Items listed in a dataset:
· · · · ·
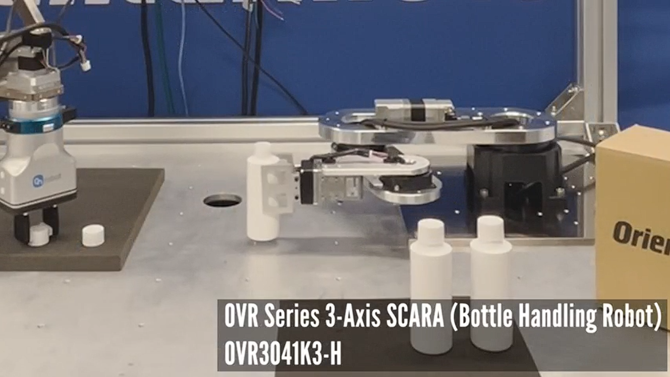 The demo video shows an OVR Series 4-axis articulated robot and an OVR Series 3-axis SCARA working in tandem to unpack bottles, identify caps using a camera, perform accurate capping, and repack the finished product. This demonstration illustrates how a system design that combines the right robot form factor, integrated vision, and coordinated motion can deliver reliable, high-precision packaging automation even in space-constrained environments. The result is a compact, highly synchronized automation cell designed for consistent throughput and easy scalability.
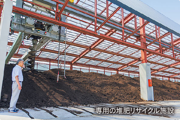 持続可能な生産体制と循環型農業として、東京ドーム90個分にもなる自家生産の牧草・家畜用トウモロコシの栽培や、堆肥リサイクルを行っています。牛たちの健康と腸内環境を整える乳酸菌がお肉のおいしさにつながるだけでなく、乳酸菌を食べた牛のふん尿は臭いが少なく、よく発酵するため良質な堆肥に。9棟ある専用の堆肥リサイクル施設で完熟堆肥化し、牧草などの栽培に活かすことで、食べる人にも環境にも優しい持続可能な生産体制を実現しているのです。
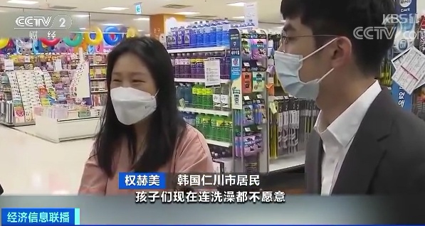 韩国仁川市居民 权赫美: 我感到很不放心,孩子们现在连洗澡都不愿意,真的非常生气,不知道该怎么办。
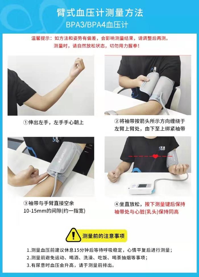 在使用电子血压计测量血压的过程中要注意,尽量使袖带和心脏保持在同一个水平。还应该注意好袖带的松紧程度,不能太松也不能太紧。在活动后尽量休息几分钟后再进行血压的测量,每天早晚固定时间测,相对监测误差小。
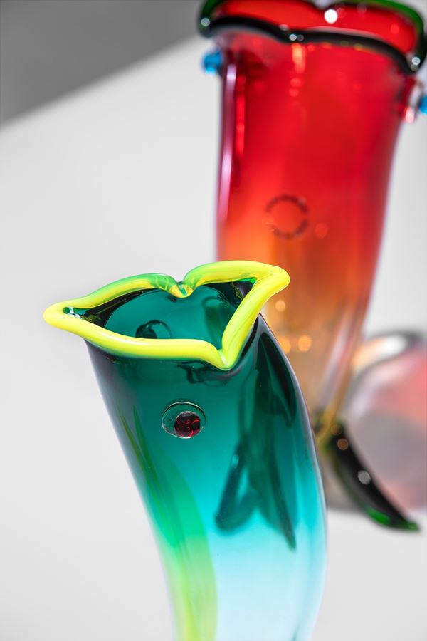 Vetro soffiato e lavorato a mano con filo riportato a caldo.
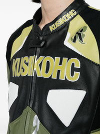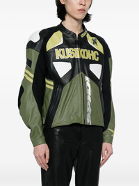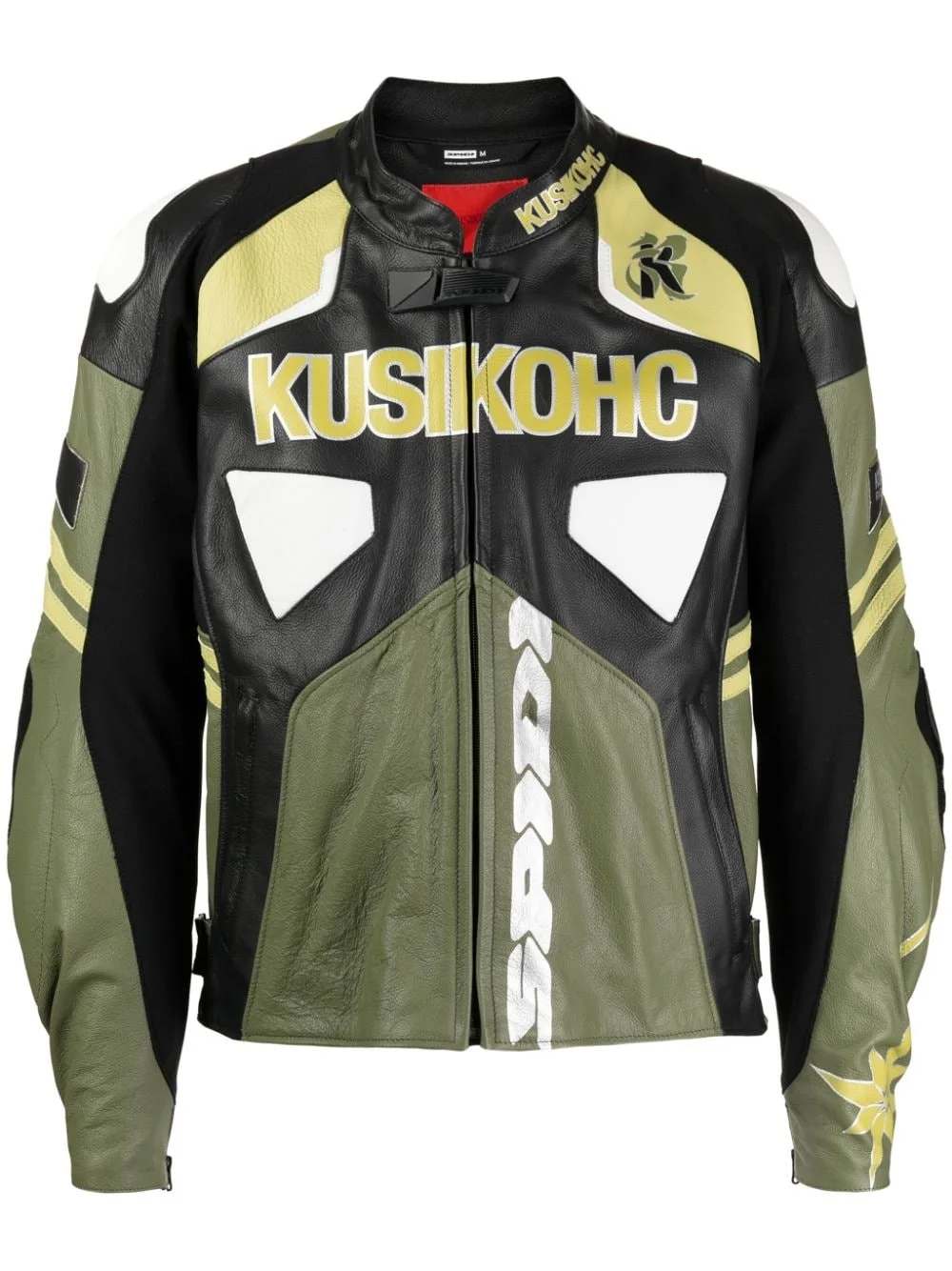 Spidi logo-print leather jacket Highlights - Black/dark green - Leather - Grained texture - Panelled design - Logo print to the front - Graphic print to the rear - Slogan print to the rear - Front zip fastening - Long sleeves - Straight hem - Two zip-fastening pockets - Straight hem Made in Italy Composition Body: Leather 90%, Polyamide 7%, Polyurethane 3% SIZE & FIT Model measurements Height 6 ft 2 in(1.87 m) Bust/Chest 33.07 in(84 cm) Hips 35.43 in(90 cm) Waist 26.77 in(68 cm) FittingInformation Designed for a boxy fit, intended for a loose fit throughout The adjustable tabs allow for fitted preferences Firm leather offering little flexibility to maintain its durability and sturdiness This piece fits true to size – take your usual size Washing instructions Do Not Wash/Do Not Dry Clean
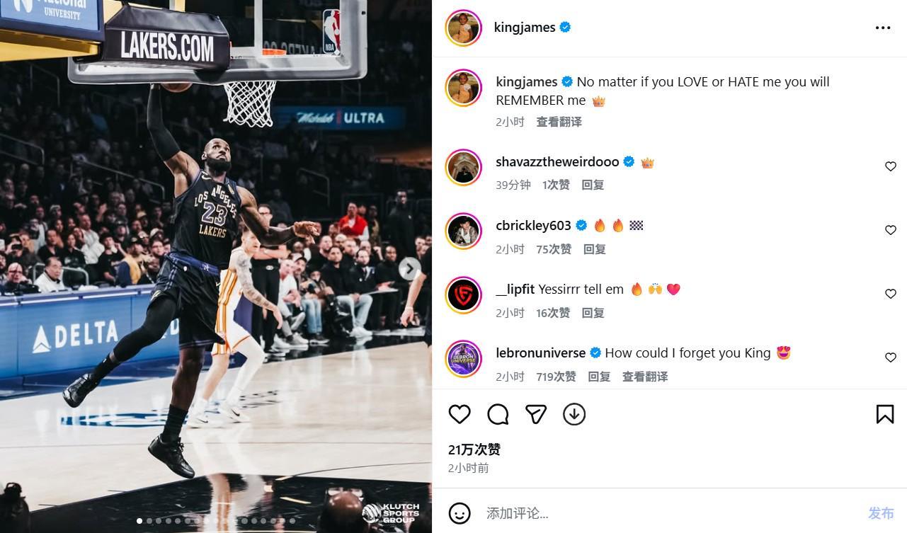 北京时间今日,湖人队球星勒布朗-詹姆斯更新个人社媒,他在完成本赛季首次背靠背比赛后晒出了上一场的比赛照,并配文抨击了自己的“黑粉”。
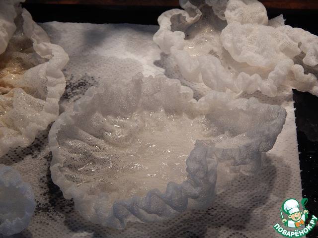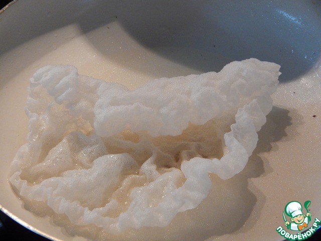 Предлагаю интересный вариант порционной подачи: рисовую бумагу на 1 минуту помещаем в воду, затем выкладываем в раскаленную сковороду с оливковым маслом.
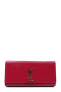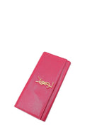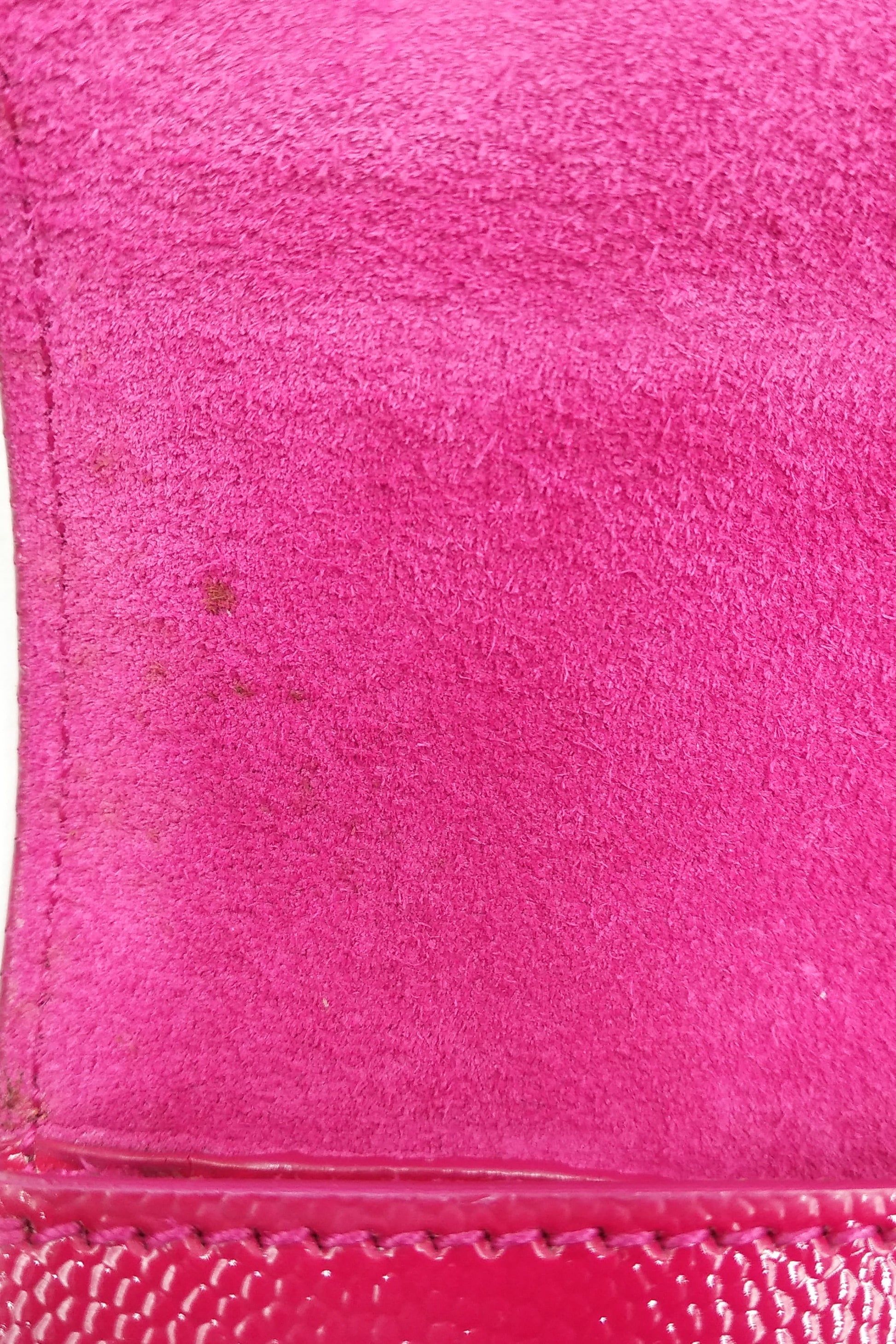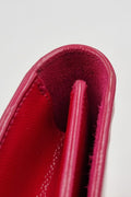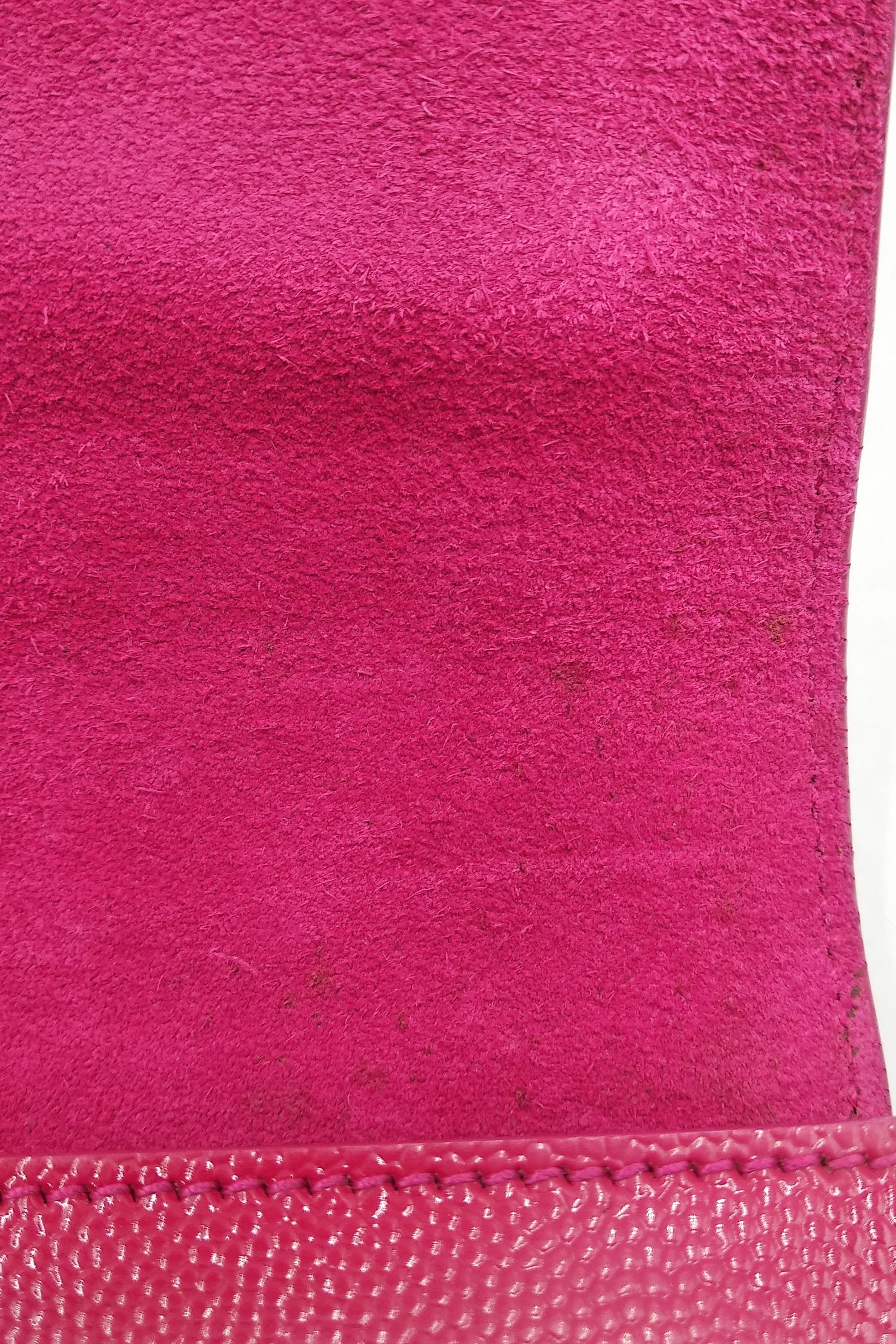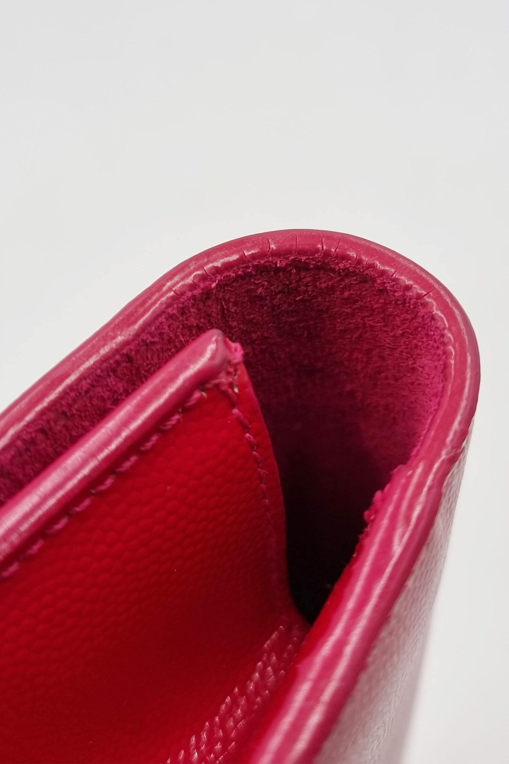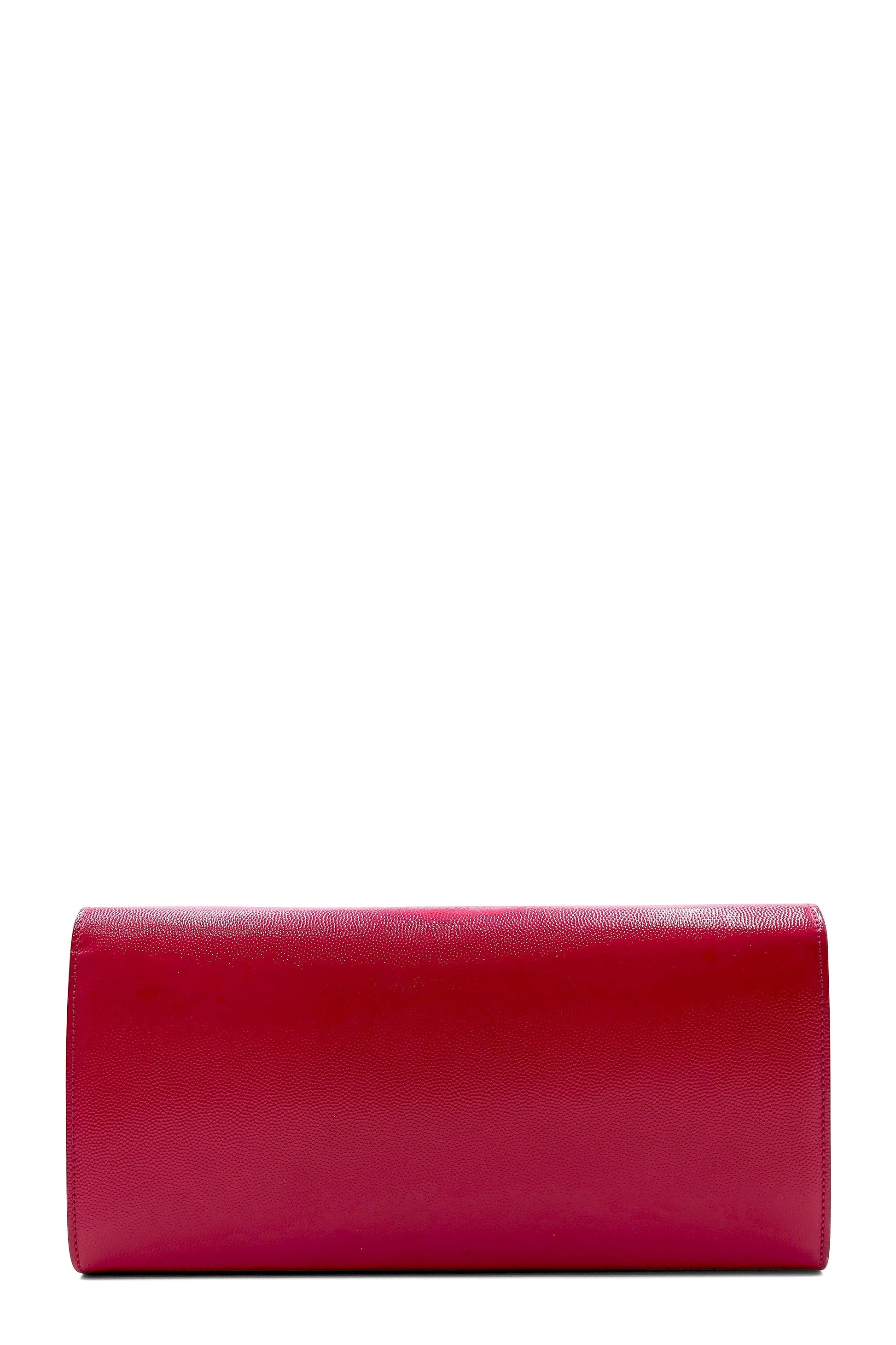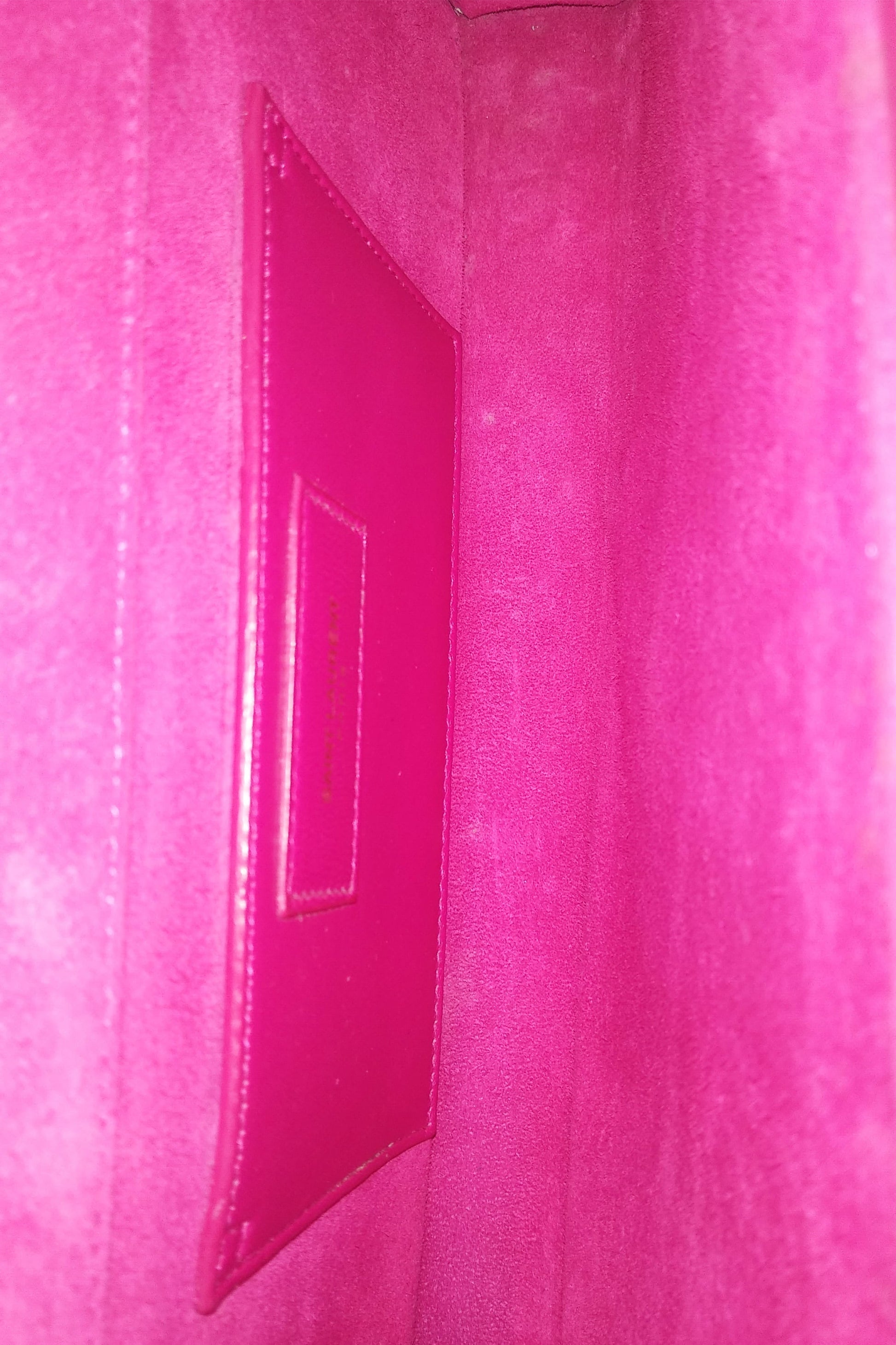 his is an SAINT LAURENT Grain De Poudre Classic Monogram Kate Clutch Lipstick in Fuchsia. This chic clutch is crafted of calfskin leather in bright pink.The front flap features a prominent gold classic YSL symbol which unsnaps to a black fabric interior with a small flat pocket.
· · · · ·
Nothing but the lines from the one containing "北京时间今日,湖人队球星勒布" through the last line of the records above should appear, each repeated exactly, with no pictures.

 北京时间今日,湖人队球星勒布朗-詹姆斯更新个人社媒,他在完成本赛季首次背靠背比赛后晒出了上一场的比赛照,并配文抨击了自己的“黑粉”。
 Предлагаю интересный вариант порционной подачи: рисовую бумагу на 1 минуту помещаем в воду, затем выкладываем в раскаленную сковороду с оливковым маслом.
 his is an SAINT LAURENT Grain De Poudre Classic Monogram Kate Clutch Lipstick in Fuchsia. This chic clutch is crafted of calfskin leather in bright pink.The front flap features a prominent gold classic YSL symbol which unsnaps to a black fabric interior with a small flat pocket.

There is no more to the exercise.